2019年02月27日

ゾンビファンの脳みそを破壊する『トウキョウ・リビング・デッド・アイドル』



 当時、SUPER☆GiRLSのメンバーだった浅川梨奈主演のゾンビアイドル映画。「ゾンビ」と「アイドル」というローバジェット映画の定番要素二つがドッキングしたらどうなるか?華やかなカップルとなるか、それとも最悪の組み合わせになるのか!?
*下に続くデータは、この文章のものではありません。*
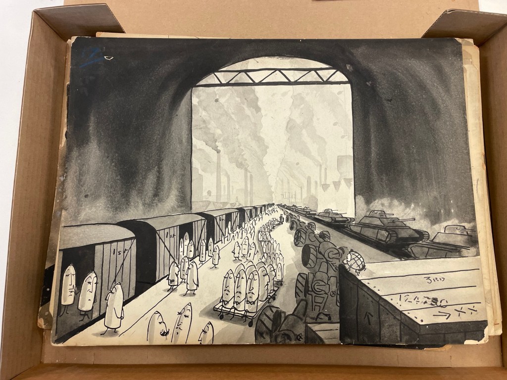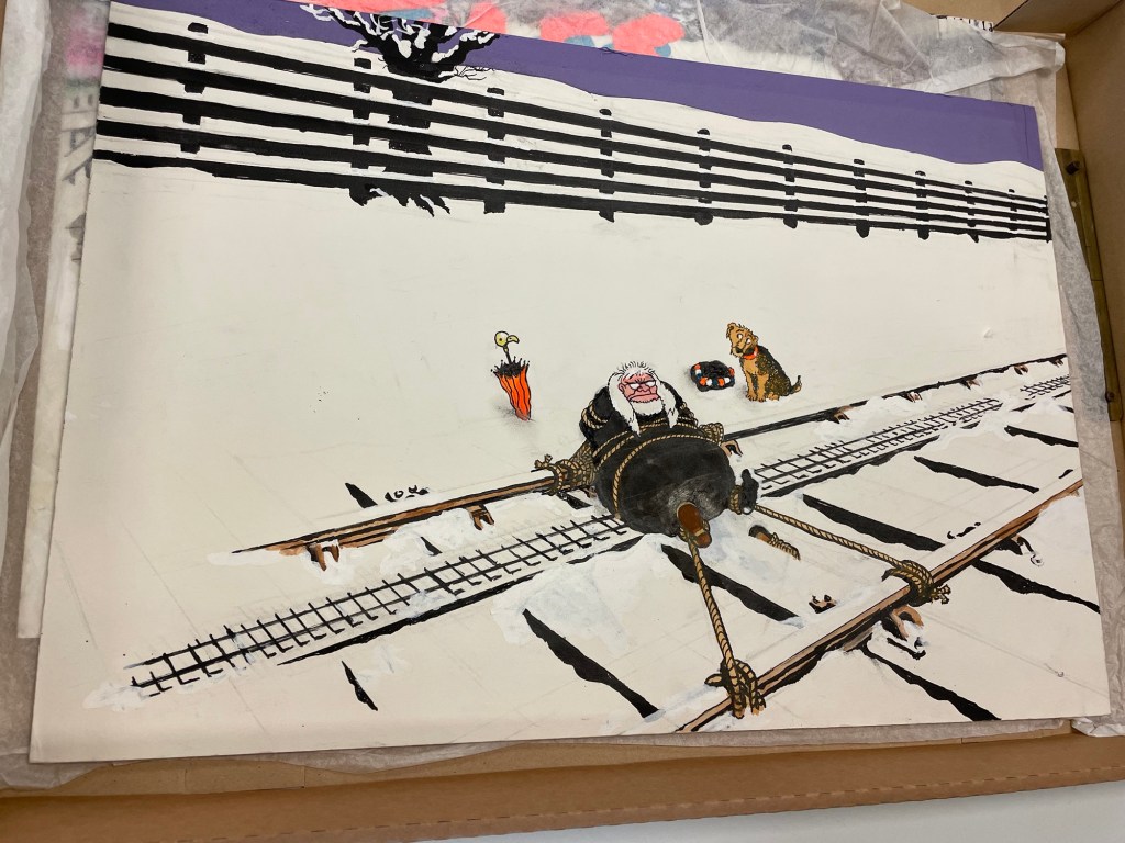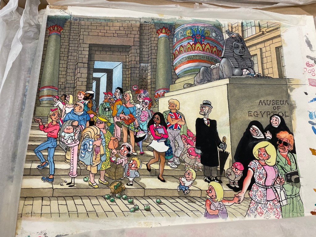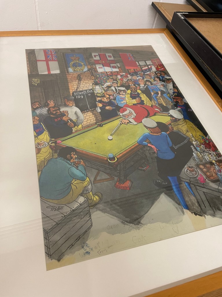 So, myself and Eamonn began our research. You’ll hopefully hear the podcast today, but we also hit the road. Thanks to the University of Kent ‘Carl Giles’ Trust Collection and the brilliant curator there Christine we travelled to Canterbury. They hold a breathtakingly extensive collection of around 6500 original pieces of art as well as reference files and books. Shelves and shelves of them!

 3人組の地下アイドルユニット「TOKYO27区」(3人組なのに27区というこのネーミング)のセンターであるミク(浅川)は今日も満員のライブをこなしたが、メンバーのモエ(スパガの阿部夢梨)、ルナ(尾澤ルナ)のドヘタな歌と合わないダンスにブチ切れ。
「やる気あんの?わたしらもうすぐメジャーデビューで、もう地下アイドルじゃあないんだよ!」
 そんなミクの態度に少々ウンザリな二人。地下アイドルにありがちな無駄に意識高いケンカ、よくありますね。観客もちょっとイラついたところで、エレベーターから現れたゾンビ(突然)に噛まれるミク!騒然となる楽屋裏!周囲は突然のことにおびえるばかり(そりゃそうだよ…いくらなんでもゾンビの出現、突然過ぎ)で、誰もミクのことを助けない(これまでの態度が悪いせいもあるんじゃない?)。彼女を助けたのはゾンビハンターの男(また突然だなオイ!)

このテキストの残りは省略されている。